Begley also starred as Doctor Victor Ehrlich in the 1980s medical drama, “St. Elsewhere.”
He’s appeared in films with Jack Nicholson, Meryl Streep and Christopher Guest. He introduced himself to a whole new audience when he played Cliff Main on the hit drama, “Better Call Saul.”
Begley is also well known for his work as an environmentalist — like the time he drove Annette Benning to the Oscars in a Bradley Electric car. It had gull-wing doors, and she didn’t know how to get out of it.
Begley has lived an incredible, socially conscious life. He’s captured most of it in his inspiring, hilarious memoir, “To The Temple of Tranquility…and Step On It!“
WPR’s “BETA” sat down with Begley to discuss his life and his environmental ideas.
The following conversation has been edited for clarity and length.
Doug Gordon: Your father, Ed Begley, was an Academy Award-winning actor, and he worked in theater, radio, film and television. What was it like for you to write about your dad?
Ed Begley Jr.: It was a catharsis because I had many feelings about him when I was young, as we all do with our parents and many negative things. I thought he was a great oppressor. I thought he was many things, but upon a brief reflection just a few years after he passed, I realized he was not. He had his flaws, and I have mine. But he did very well with what he was given in life.
Overall, he was a very good parent and a fine father to my sister Elaine, me and my half-sister, Maureen.
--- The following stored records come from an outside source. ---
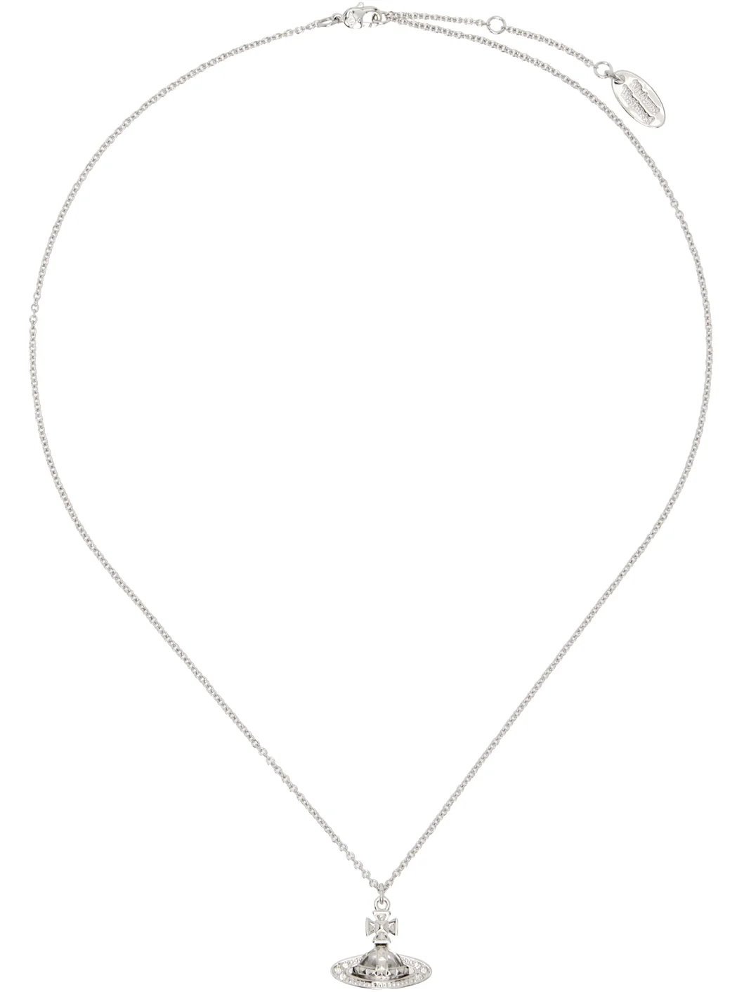 Cable chain necklace in silver-tone brass. · Logo pendant with crystals · Logo plaque at adjustable lobster-clasp fastening · L17.5" Supplier color: Platinum/Crystal Brass, crystal. Made in Thailand 252314M145041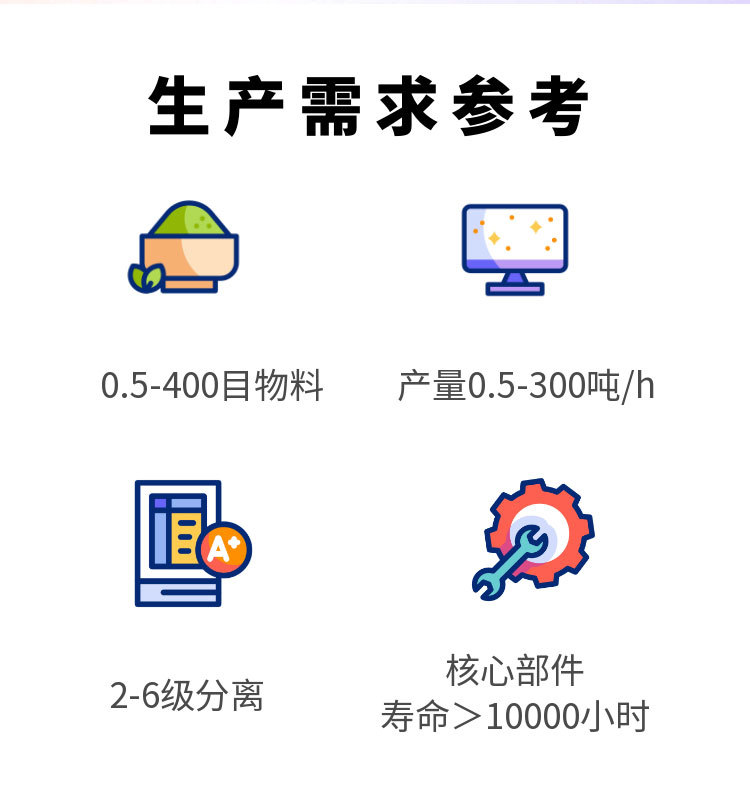 該產(chǎn)品篩分精度高、處理量大、結(jié)構(gòu)簡(jiǎn)單、耗能少、噪音低、篩網(wǎng)使用壽命長(zhǎng)、密封性好、無(wú)粉塵溢散、維修方便、可用于流水線生產(chǎn)中的自動(dòng)化作業(yè)。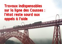 Voici le communiqué reçu du Comité pluraliste pour le défense, la réhabilitation et la promotion de la ligne Béziers Neussargues Clermont Ferrand Paris. Il s’insurge contre l’immobilisme de l’état qui est muet quant au financement nécessaire de sa part pour les travaux sur le tronçon Saint-Chély d’Apcher Neussargues. Faute d’engagement les circulations fret et voyageurs seront suspendues, cela nous a été affirmé en comité technique ce 23 mai à Clermont-Ferrand. Cliquez pour agrandir.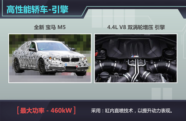 宝马全新一代M5在引擎舱内搭载了一台4.4L V8双涡轮增压引擎,得益于缸内直喷技术的应用,当引擎处于标准大气压及正常温度时,这款全新引擎能够爆发出460kW的最大输出功率。在选装xDrive系统后,新车将展现出更强的综合性能。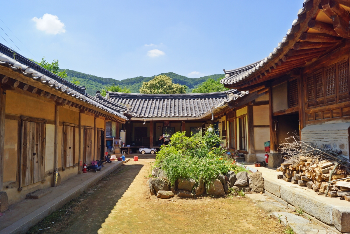 안으로 들어가 보니 길 다란 마당이 있고 가운데 안채, 좌측은 행랑채, 우측은 안방과 사랑채로 구성돼 있습니다. 마당에는 돌로 경계를 만든 화분이 있습니다. 문화재로 지정됐지만, 사람이 살고 있어서 그런지 온기가 느껴지는 듯했습니다.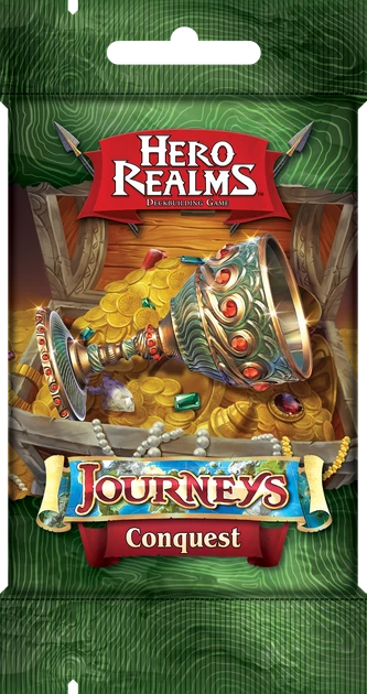 Hero Realms Journeys is a set of four 12-card expansion packs for Hero Realms! Conquest and Discovery add the new Quest and Artifact card types. Quests are secret objectives that players may complete to earn Artifacts! Hunters and Travelers add new champions and actions to the game.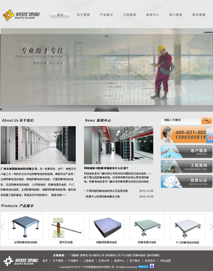 项目名称:广州市赛图装饰材料有限公司网站建设签定日期:2012年5月23日网址:http://www.gzsaitu.com 广州市赛图装饰材料有限公司,系一家集研发、生产、销售及设计施工为一体的多元化专业防静电地板制造商。赛图专注产品有

It’s like that Mark Twain line: “My father was a complete moron when I was 18. But it’s amazing how much smarter he got when I was 23.” That was true in my case.
DG: You learned some surprising news about your father when you received your birth certificate while getting your driver’s license. Can you tell us about that?
EB: Yeah. Another flaw that he had was the secrecy of the Irish. I got my birth certificate to get my driver’s license. I’m in the back of the car, and I open it up and look at it, and there’s no mother’s name. I thought that was odd. My mother died when I was 7. I couldn’t make sense of it. So, my dad was driving the car. I said, “Dad, why is there no mother’s name on my birth certificate?” Long silence.
Finally, he says, “Well, Amanda wasn’t your mother” — the woman I knew to be my mother who died when I was 7. That was my mother, my sister’s mother. Now, suddenly, she was not my mother. I said, “Well, who was my mother?” He said, “Sandy is your mother.”
Then, twin explosions in my brain because this woman, Sandy, was someone I knew well and was crazy about. My sister and I loved this woman. We shared Easter time and got an Easter basket from her. On Christmas, we got a gift for her. We never knew quite who she was, but we liked her a lot, and it turned out that she was Mom.
DG: How did that impact you and your relationship with your father?
EB: It was a significant strain because I had been lied to. I wondered … how could you be that good at lying? Because I was terrible at lying. I was terrible at it. I’d get caught all the time. But how could my dad and everybody else pull this off when we didn’t even know who our mother was? And it was right there in front of us.
It caused me to try to live a life of deceit, in and out of my marriage. And that’s not a good way to have a marriage or a life.
DG: You had this interesting conceptual stand-up routine that you did in which you portrayed a member of the Los Angeles Police Department. Can you tell us about that?
EB: Yeah, drug humor was very big in the early ’70s, so I had this character called Officer Ed Begley. And the routine was, I’d go to a club like the Troubadour, the Bottom Line or Max’s Kansas City or the Icehouse, and I’d have the sound guy introduce me: “Good evening. Before we begin with our show, Don McLean will be out in a moment. We have a man from the Los Angeles Police Department here to talk to you about some of the problems in the community, specifically drugs. Welcome, please, Officer Ed Begley.”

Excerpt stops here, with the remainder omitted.